● **Input records**:
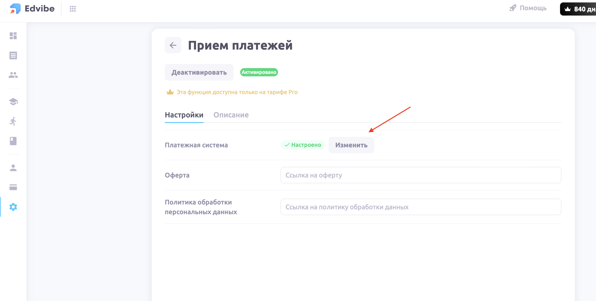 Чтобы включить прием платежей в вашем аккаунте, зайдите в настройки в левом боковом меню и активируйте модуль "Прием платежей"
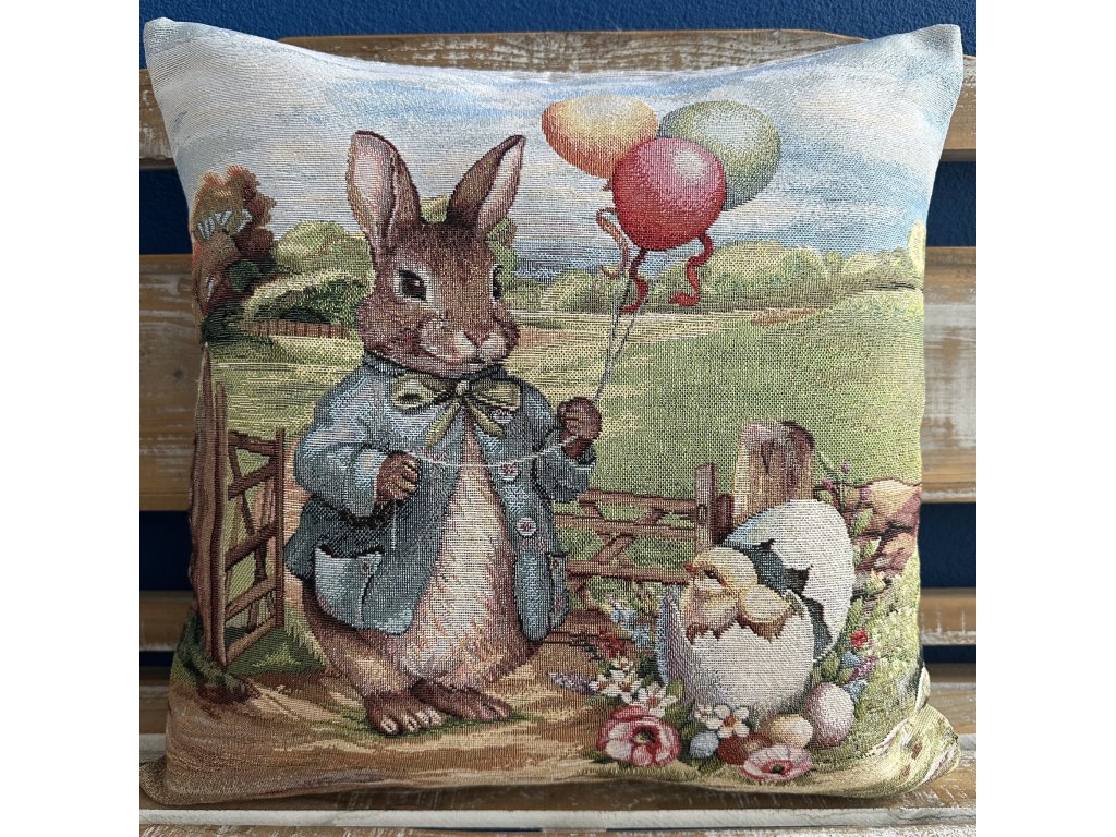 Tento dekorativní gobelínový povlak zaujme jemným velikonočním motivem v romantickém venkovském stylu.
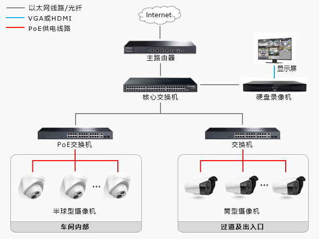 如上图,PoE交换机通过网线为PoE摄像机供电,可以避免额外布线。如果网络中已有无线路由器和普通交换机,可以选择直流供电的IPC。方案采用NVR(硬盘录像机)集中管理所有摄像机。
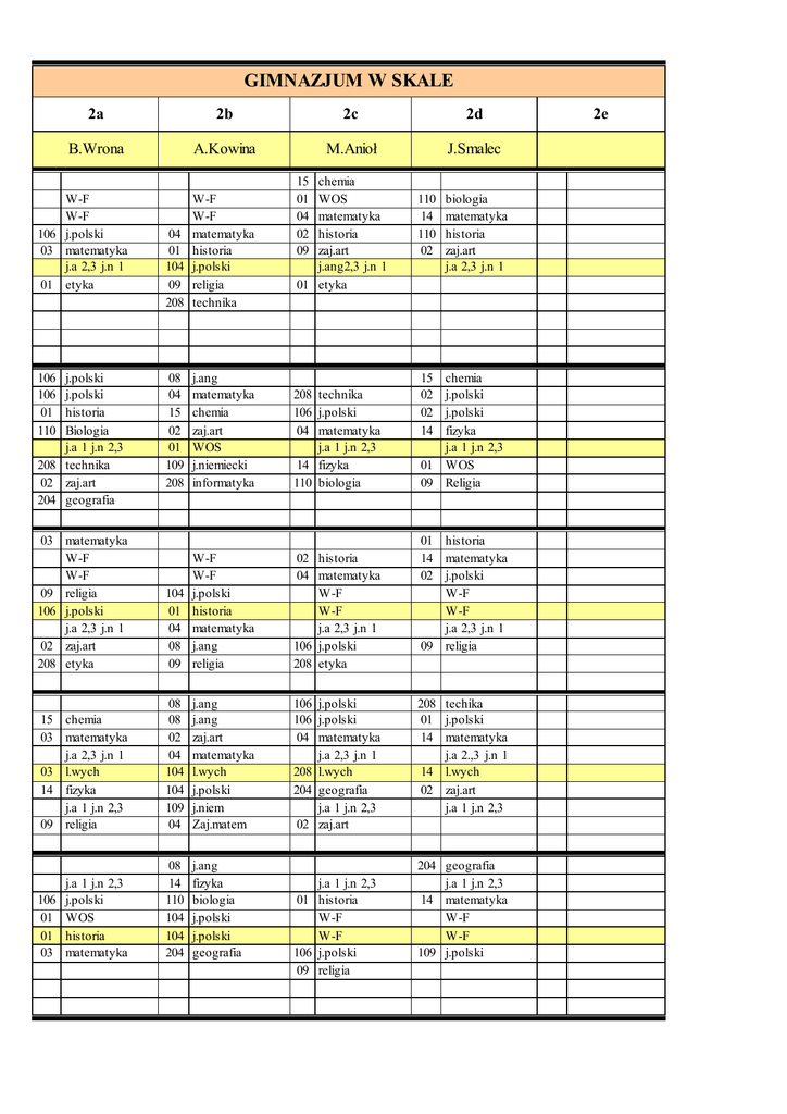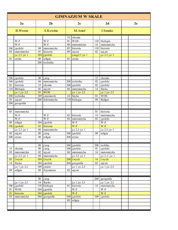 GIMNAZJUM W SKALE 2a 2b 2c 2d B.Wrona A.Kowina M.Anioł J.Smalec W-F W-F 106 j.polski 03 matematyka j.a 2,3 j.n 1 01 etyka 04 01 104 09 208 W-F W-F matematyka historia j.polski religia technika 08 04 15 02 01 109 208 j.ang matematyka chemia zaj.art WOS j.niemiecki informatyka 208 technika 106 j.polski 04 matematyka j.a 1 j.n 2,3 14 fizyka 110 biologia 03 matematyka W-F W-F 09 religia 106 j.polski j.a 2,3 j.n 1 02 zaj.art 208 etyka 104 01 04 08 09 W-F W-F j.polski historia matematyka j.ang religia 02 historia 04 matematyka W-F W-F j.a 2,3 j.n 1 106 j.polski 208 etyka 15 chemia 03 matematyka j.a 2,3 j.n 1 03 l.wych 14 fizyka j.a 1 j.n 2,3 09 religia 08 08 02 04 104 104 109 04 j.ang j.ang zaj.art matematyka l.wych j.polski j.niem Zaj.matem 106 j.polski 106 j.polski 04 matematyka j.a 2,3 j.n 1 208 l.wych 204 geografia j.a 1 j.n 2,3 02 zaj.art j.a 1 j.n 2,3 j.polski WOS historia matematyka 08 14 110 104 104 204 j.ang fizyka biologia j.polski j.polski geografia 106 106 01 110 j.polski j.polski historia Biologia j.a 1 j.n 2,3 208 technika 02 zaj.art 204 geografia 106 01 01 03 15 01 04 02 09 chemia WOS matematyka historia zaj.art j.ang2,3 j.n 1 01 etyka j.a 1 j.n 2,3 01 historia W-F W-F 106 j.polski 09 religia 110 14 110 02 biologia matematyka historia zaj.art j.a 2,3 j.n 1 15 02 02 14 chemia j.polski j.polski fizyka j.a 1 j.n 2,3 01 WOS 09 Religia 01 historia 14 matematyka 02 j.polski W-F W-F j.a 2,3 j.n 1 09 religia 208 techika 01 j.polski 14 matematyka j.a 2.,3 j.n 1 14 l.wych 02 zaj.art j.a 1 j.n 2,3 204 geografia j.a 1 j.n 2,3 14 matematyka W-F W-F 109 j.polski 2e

* * *

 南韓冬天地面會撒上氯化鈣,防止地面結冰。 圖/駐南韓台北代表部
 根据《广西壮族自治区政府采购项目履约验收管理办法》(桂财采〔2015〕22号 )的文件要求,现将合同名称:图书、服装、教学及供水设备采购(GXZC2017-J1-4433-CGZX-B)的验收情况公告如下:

* * *

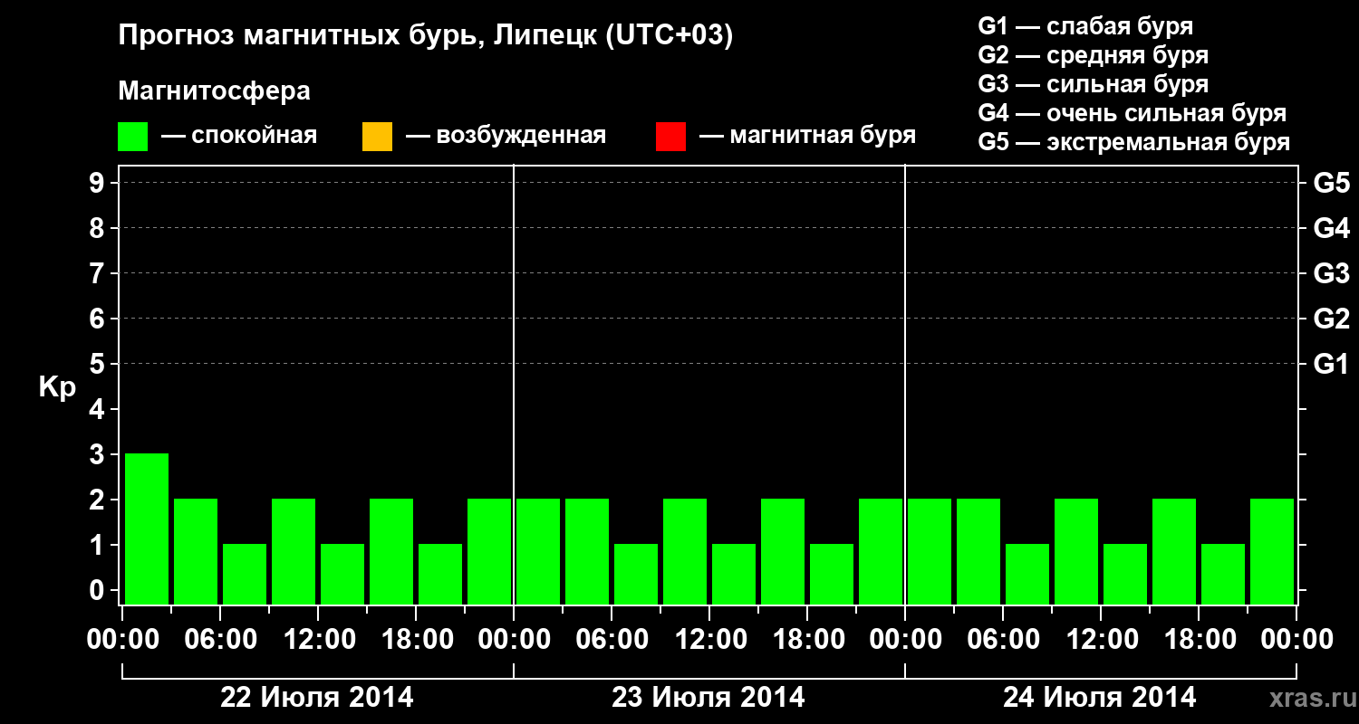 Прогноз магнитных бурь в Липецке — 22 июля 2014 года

● **What you have to do**: Out of the entries above, write out only the lines between the line holding "南韓冬天地面會撒上氯化鈣,防止地面結冰。 圖/駐南韓台北代表部" and the line holding "根据《广西壮族自治区政府采购", inclusive, each exactly as given.

● **Answer section**:
 南韓冬天地面會撒上氯化鈣,防止地面結冰。 圖/駐南韓台北代表部
 根据《广西壮族自治区政府采购项目履约验收管理办法》(桂财采〔2015〕22号 )的文件要求,现将合同名称:图书、服装、教学及供水设备采购(GXZC2017-J1-4433-CGZX-B)的验收情况公告如下:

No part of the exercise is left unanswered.